Пока рассказываю историю с кейсом, Рашпиль все перебирает крупные каменные четки коричневого цвета, которые он достал из кожаного, сильно затертого временем мешочка, изредка что-то нашептывает себе под нос и кивает головой в такт моей речи. Выслушав, подзывает охранника, бубнит ему в ухо, тот достает блокнот, записывает и отходит.

— Ну, а на черта ты в это ввязался-то, Вова? Работаешь с кем попало, а вдруг они террористы? — выдыхает Рашпиль, когда я заканчиваю.

— Я помогаю людям, а выяснять, кто террорист, — компетенция других органов. Ничего личного, только бизнес. — Допиваю воду, ставлю стакан на стол и кляну себя за этот звонок, предвкушая целый час патетических воровских нотаций. — Вы, Алексей Михайлович, если помочь не можете, так и скажите. Я извинюсь, что отвлек вас от дел.

— Да! — Рашпиль запускает ложку в тарелку с ухой, несколько раз зачерпывает, подносит ко рту, медленно вливает. Задумчиво смотрит вдаль, потом снова черпает. — Да. Истинно так и получается. Пропал народ, и страна пропала. Вот и ты, Вова, туда же свалиться норовишь. А я ведь тебя о-о-от таким еще помню, — Рашпиль показывает мой размер расстоянием между большим и указательным пальцем. — Можно даже сказать, когда ты еще у бати своего с конца не упал, помню. А ты мне «ничего личного» говоришь. С чеченцами работаешь. Тебе что, денег не хватает?

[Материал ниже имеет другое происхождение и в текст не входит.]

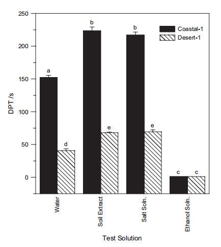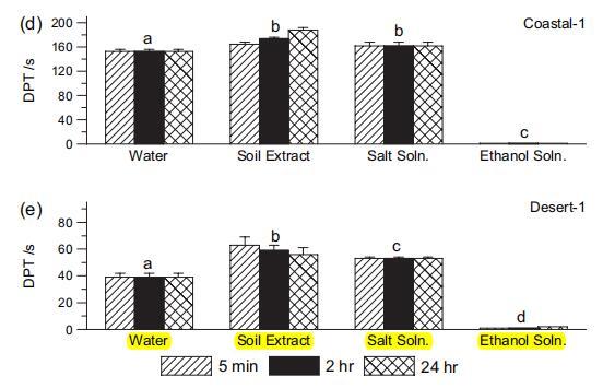 圖 4 水滴滲透時間 (DPT),2:1 w : w 2 小時 用于 Desert-1 和 沿海 1 土壤。 誤差棒顯示重復(fù)的標(biāo)準(zhǔn)偏差 滴。 小寫字母給出了兩側(cè) t 檢驗的結(jié)果。 不同字母表示均值在 P ? 0.01 顯著性水平。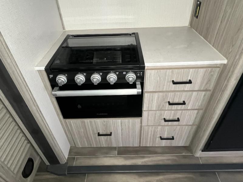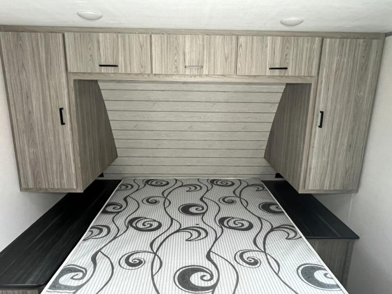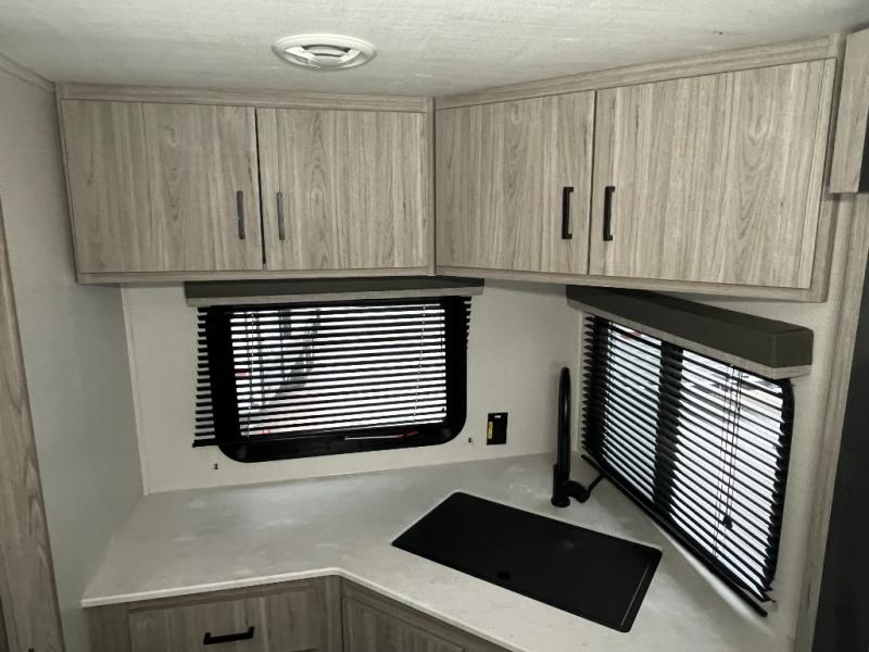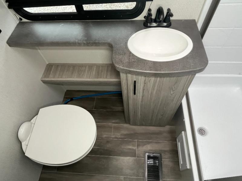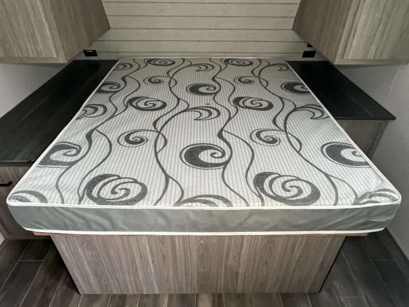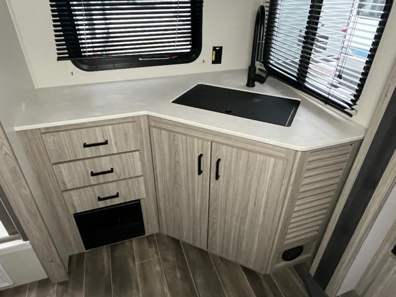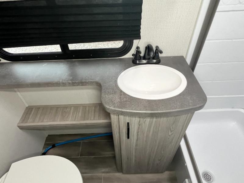 The Passport SL travel trailers by Keystone RV come in a compact design with travel-friendly lengths that are lightweight and easy to tow behind many smaller crossover SUVs. You will find several residential-style features such as durable Armstrong vinyl flooring, upgraded window treatments and valances, and bathroom countertops. The exterior shower with hot and cold water is very useful as you get cleaned up before entering the RV, wash your pets, or even rinse a few dishes outside. The Passport also now contains a HyperDeck flooring system which is a high-performance, water-resistant RV floor that comes as a breakthrough design from the Keystone Innovation Lab. This flooring is more resilient, stronger, and lighter than traditional laminated wood construction.

— Не хватает, — честно говорю я, — сто тысяч долларов до миллиона как раз и не хватает.

— А потом что? Когда сотню получишь?

— Потом, — я щелкаю пальцами, — здесь все продам. В Лондоне переоденусь в чистое — в новую квартиру, машину и костюм. Еще чаю выпью. Обязательно выпью чаю. В «Ритце», к примеру. Хоть это и пошло.

— Генка, ну-ка принеси мой блокнот! — Охранник приносит Рашпилю совковый бумажный блокнот, из каких мы в институте шпаргалки рвали. — Вот что я те скажу, Володя. Вот, что я тебе скажу. — Рашпиль укоризненно качает головой и надевает очки в тонкой металлической оправе, отчего становится похожим на ученого кота, и начинает читать, — «Благородный муж (цзюнь-цзы) думает о праведном пути и не думает о пропитании. Он может трудиться в поле и быть голодным».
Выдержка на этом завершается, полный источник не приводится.